[Start of Attachment]
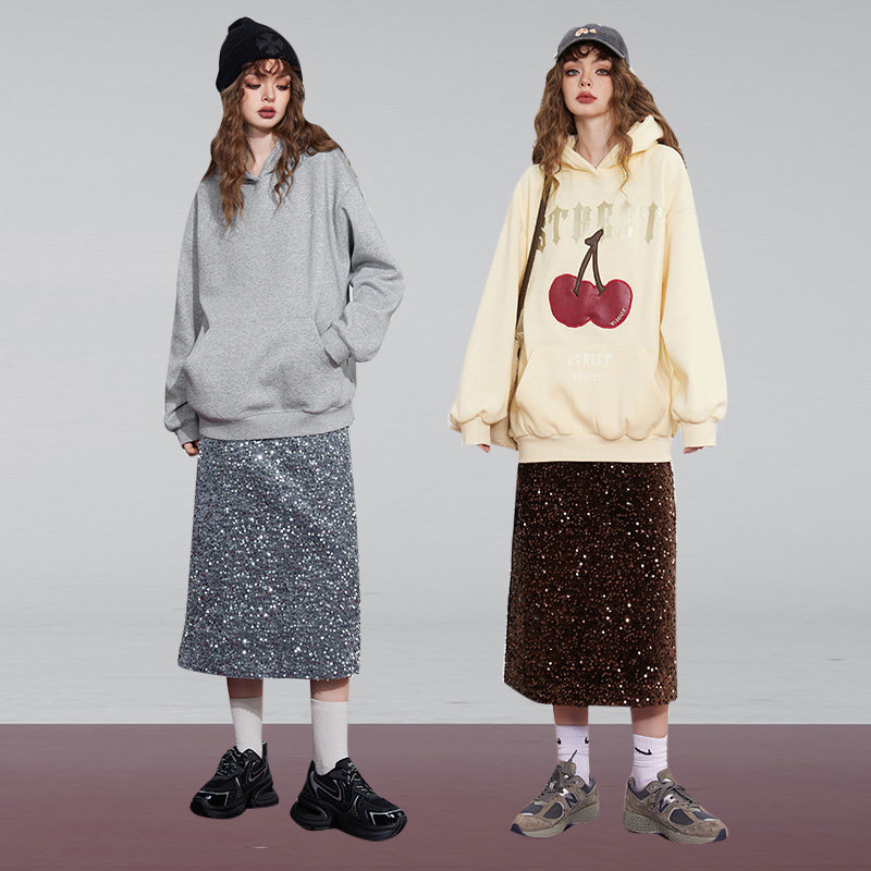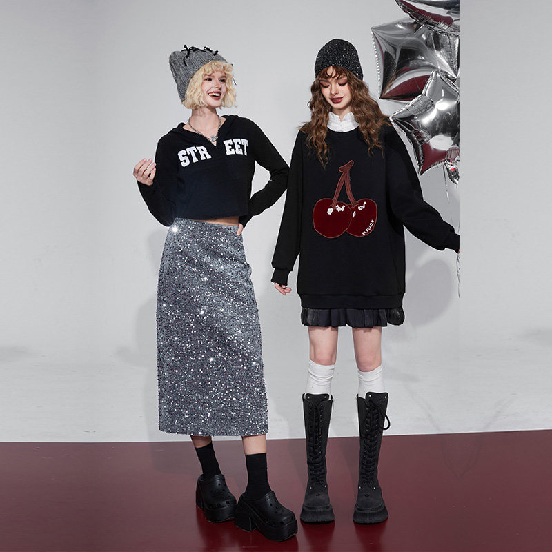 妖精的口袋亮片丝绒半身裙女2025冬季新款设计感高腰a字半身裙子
[End of Attachment]
[Start of Attachment]
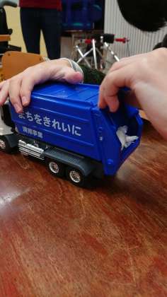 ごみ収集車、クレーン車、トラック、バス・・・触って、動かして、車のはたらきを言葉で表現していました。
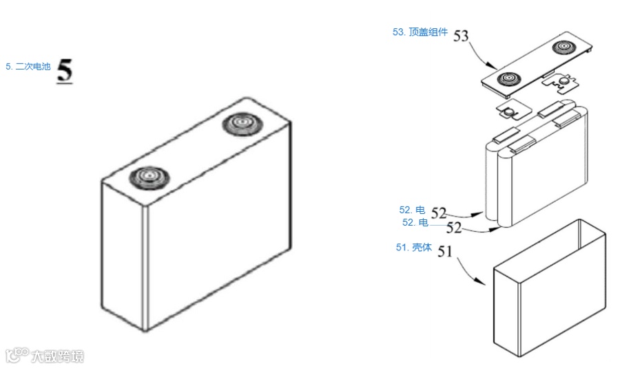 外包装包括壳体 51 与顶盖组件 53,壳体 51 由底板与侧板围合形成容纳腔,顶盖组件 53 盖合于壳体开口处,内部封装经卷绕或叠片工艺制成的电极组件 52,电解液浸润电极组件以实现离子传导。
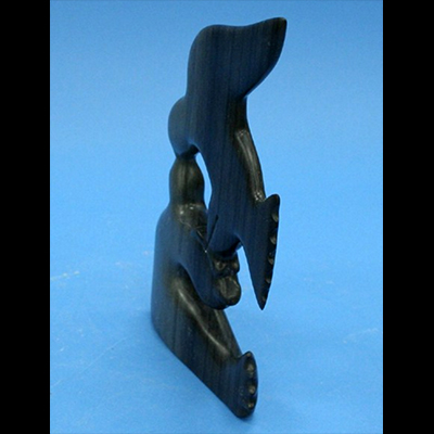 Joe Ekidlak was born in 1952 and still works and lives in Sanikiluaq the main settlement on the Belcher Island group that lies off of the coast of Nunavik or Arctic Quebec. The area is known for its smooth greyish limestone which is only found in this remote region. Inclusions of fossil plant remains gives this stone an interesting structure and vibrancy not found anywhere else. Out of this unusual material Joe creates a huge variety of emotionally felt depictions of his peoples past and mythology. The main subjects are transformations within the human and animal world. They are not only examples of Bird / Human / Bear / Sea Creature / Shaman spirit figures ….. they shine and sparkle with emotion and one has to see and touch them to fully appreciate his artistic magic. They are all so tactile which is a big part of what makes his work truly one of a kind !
[End of Attachment]
## WHAT IS NEEDED
Write out again exactly the lines above from the one with "ごみ収集車、クレーン車、トラ" through the one with "外包装包括壳体 51 与顶盖组件", adding no other lines and no pictures.

## EXERCISE ANSWER
 ごみ収集車、クレーン車、トラック、バス・・・触って、動かして、車のはたらきを言葉で表現していました。
 外包装包括壳体 51 与顶盖组件 53,壳体 51 由底板与侧板围合形成容纳腔,顶盖组件 53 盖合于壳体开口处,内部封装经卷绕或叠片工艺制成的电极组件 52,电解液浸润电极组件以实现离子传导。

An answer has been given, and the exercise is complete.